Сыграют солисты-скрипачи, которые работают сейчас на моей кафедре: Юлия Игонина, Лев Солодовников, Сергей Поспелов, Елена Таросян. Также выступят пианистка Екатерина Мечетина, органистка Евгения Кривицкая и арфистка Александра Тихонова. Традиционно будет хор Московской консерватории под управлением Александра Соловьева — он регулярно участвовал в новогоднем гала-концерте еще в то время, когда коллективом руководил великий Борис Тевлин. Заявлен и ансамбль «Виртуозы Якутии», но, к сожалению, время такое, что они могут и не приехать.

— Вас не смущает, что на ваших юбилейных концертах в зале будет только 25% зрителей из-за нынешних ограничений?

— Меня смущает другое: смогу ли я там быть. Мне же все-таки «65 плюс», причем не один плюс, а много. Вот что меня беспокоит, я-то рвусь туда.

— Вы сейчас вообще не ходите на концерты?

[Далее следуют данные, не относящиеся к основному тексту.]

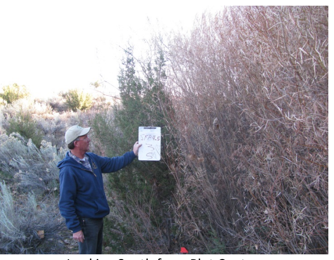
Looking South from Plot Center

— Вообще. Как раз перед тем, как началась эта кошмарная пандемия, мы с супругой приехали из Дубая, сели дома, и с тех пор я никуда не выезжаю. Гуляю рядом с домом. Конечно, хочется сходить на концерты, но надо беречься.

— С учениками занимаетесь дистанционно?

— По скайпу. Сказать, что очень люблю так заниматься, я не могу, потому что работа над какими-то исполнительскими тонкостями через интернет невозможна, в принципе. Но я попытался извлечь пользу из этого и пошел по другому пути. Задаю ученикам много произведений, чтобы они за этот период сформировали себе хороший репертуар. За время пандемии многие мои студенты прошли гораздо больше музыки, чем за такой же срок в нормальное время.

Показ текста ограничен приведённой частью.